## Exercise
Copy out precisely the lines of the material that follows, beginning with the line containing "لمناسبة ولادة الرسول" and ending with its last line; exclude pictures.

Stored data Start Marker

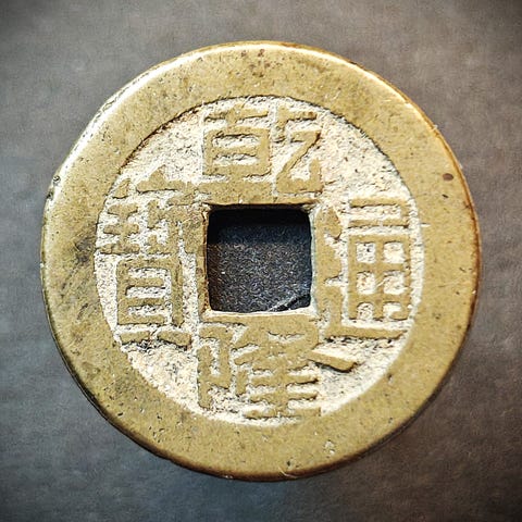 K8) "BOO CIOWAN" (Beijing mønt), Type H3 (Shanlong): 缶 radical i stedet for 生 radical i 隆; horisontale dots i 辶 radical i 通,, fremstikkende top på Boo, radical マ in 通, Hartill# 22.242, Schjöth 1463
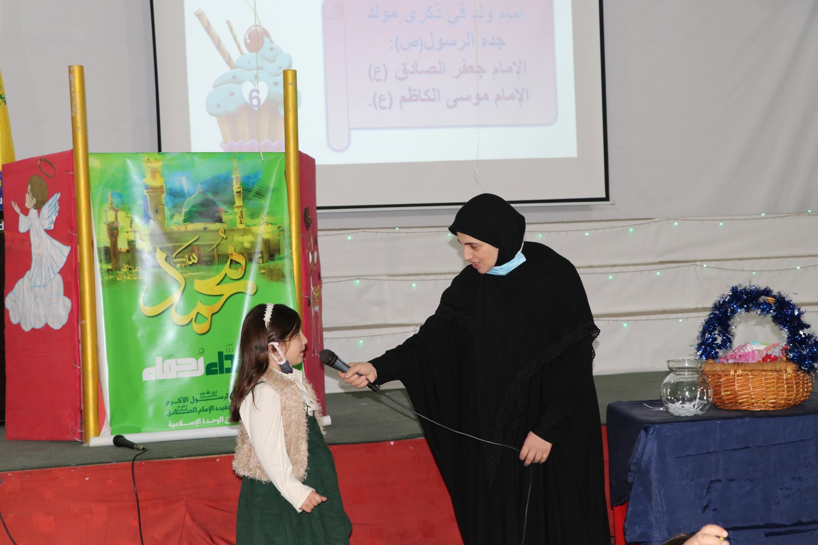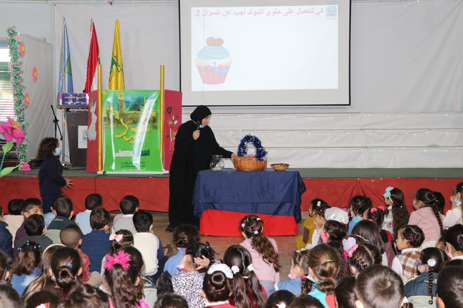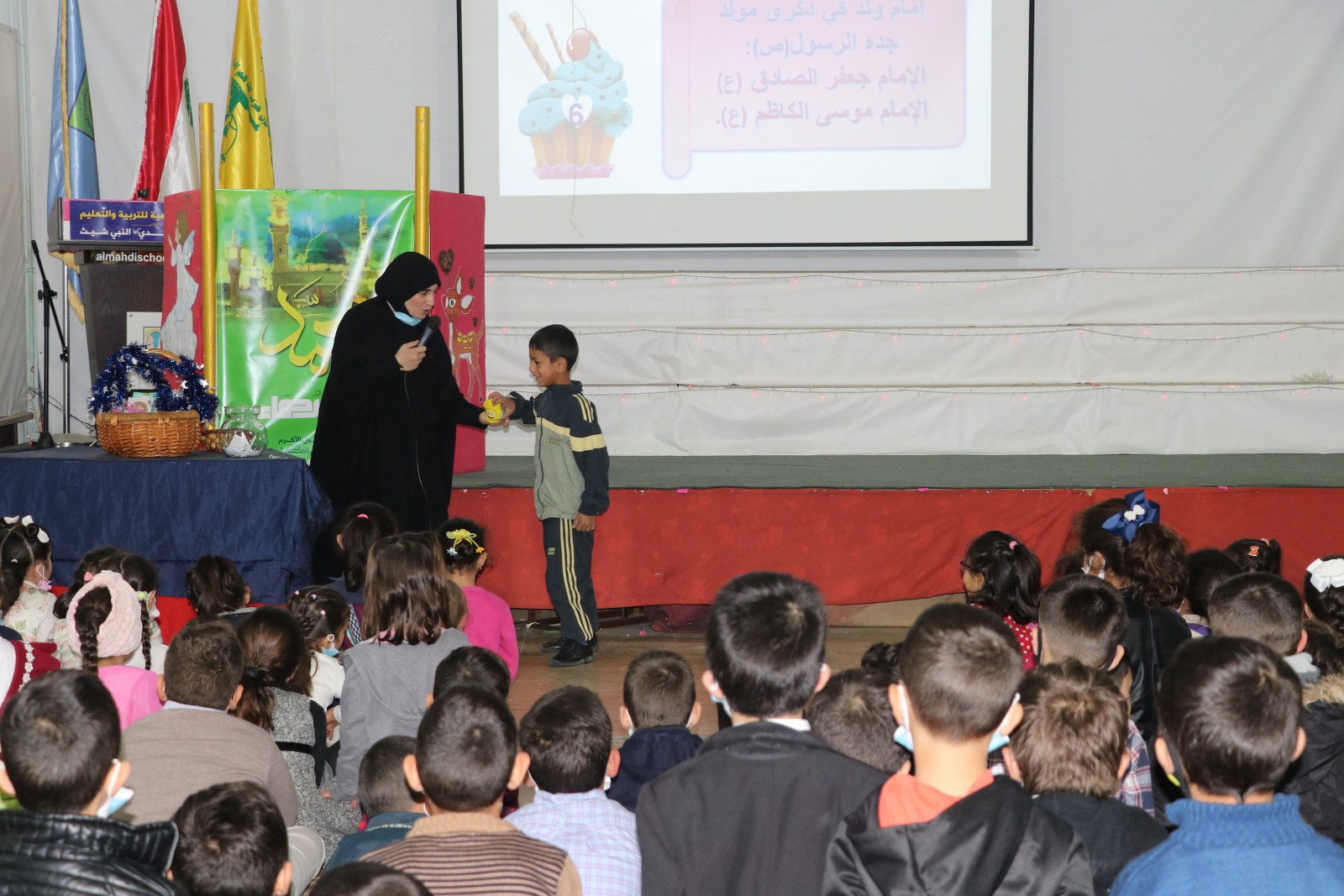 لمناسبة ولادة الرسول الأكرم محمد(ص) وحفيده الإمام الصادق(ع) أقامت مدرسة المهدي(ع)-النبي شيث قسم الحلقة الأولى احتفالاً لتلامذة الحلقة حيث تضمن الحفل قصة للحكواتي ومسابقة تفاعلية تعرف التلامذة من خلالها التلامذة على سيرة نبي الرحمة محمد(ص) كما وأنشدوا الأناشيد الخاصة بالمناسبة واختتم الحفل بتوزيع السكاكر على الجميع.
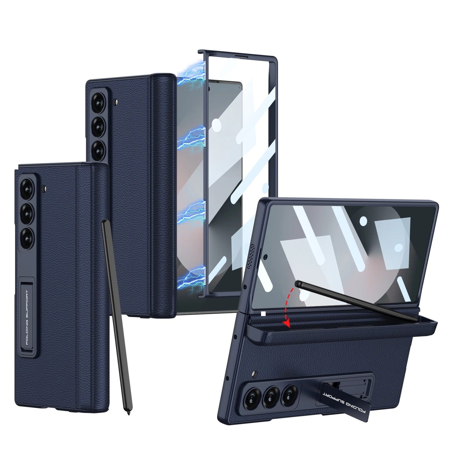 The Magneto® - Leather Pen Box Case with Screen Protector provides premium protection and versatile functionality for Samsung Galaxy Z Fold 7, 6, 5, 4, and 3. Made with high-quality leather, it features a magnetic pen box for secure stylus storage, shockproof design for durability, and an integrated screen glass protector for 360° device security. Ideal for both professional and everyday use.
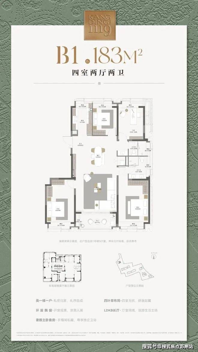 康定壹拾玖售楼中心:400-8787-554建筑面积约1 83㎡户型,类一梯一户设计,电梯厅私密入户,无需路过/被路过同层邻居家门,尊享悦己的静谧;四个房间,适配全家庭结构,从小太阳到三代亲都能轻松托举;标配飘窗,厨房双卫皆明媚,每一处都有阳光与自然的盛情款待;LDKB长厅,打开轩阔的生活舞台,亲友聚会,圈层社交尽显风范;步入式衣帽间,独立卫浴的套房主卧,是给予生活鉴赏家最佳的犒赏。

Stored data End Marker

## Answer
 لمناسبة ولادة الرسول الأكرم محمد(ص) وحفيده الإمام الصادق(ع) أقامت مدرسة المهدي(ع)-النبي شيث قسم الحلقة الأولى احتفالاً لتلامذة الحلقة حيث تضمن الحفل قصة للحكواتي ومسابقة تفاعلية تعرف التلامذة من خلالها التلامذة على سيرة نبي الرحمة محمد(ص) كما وأنشدوا الأناشيد الخاصة بالمناسبة واختتم الحفل بتوزيع السكاكر على الجميع.
 The Magneto® - Leather Pen Box Case with Screen Protector provides premium protection and versatile functionality for Samsung Galaxy Z Fold 7, 6, 5, 4, and 3. Made with high-quality leather, it features a magnetic pen box for secure stylus storage, shockproof design for durability, and an integrated screen glass protector for 360° device security. Ideal for both professional and everyday use.
 康定壹拾玖售楼中心:400-8787-554建筑面积约1 83㎡户型,类一梯一户设计,电梯厅私密入户,无需路过/被路过同层邻居家门,尊享悦己的静谧;四个房间,适配全家庭结构,从小太阳到三代亲都能轻松托举;标配飘窗,厨房双卫皆明媚,每一处都有阳光与自然的盛情款待;LDKB长厅,打开轩阔的生活舞台,亲友聚会,圈层社交尽显风范;步入式衣帽间,独立卫浴的套房主卧,是给予生活鉴赏家最佳的犒赏。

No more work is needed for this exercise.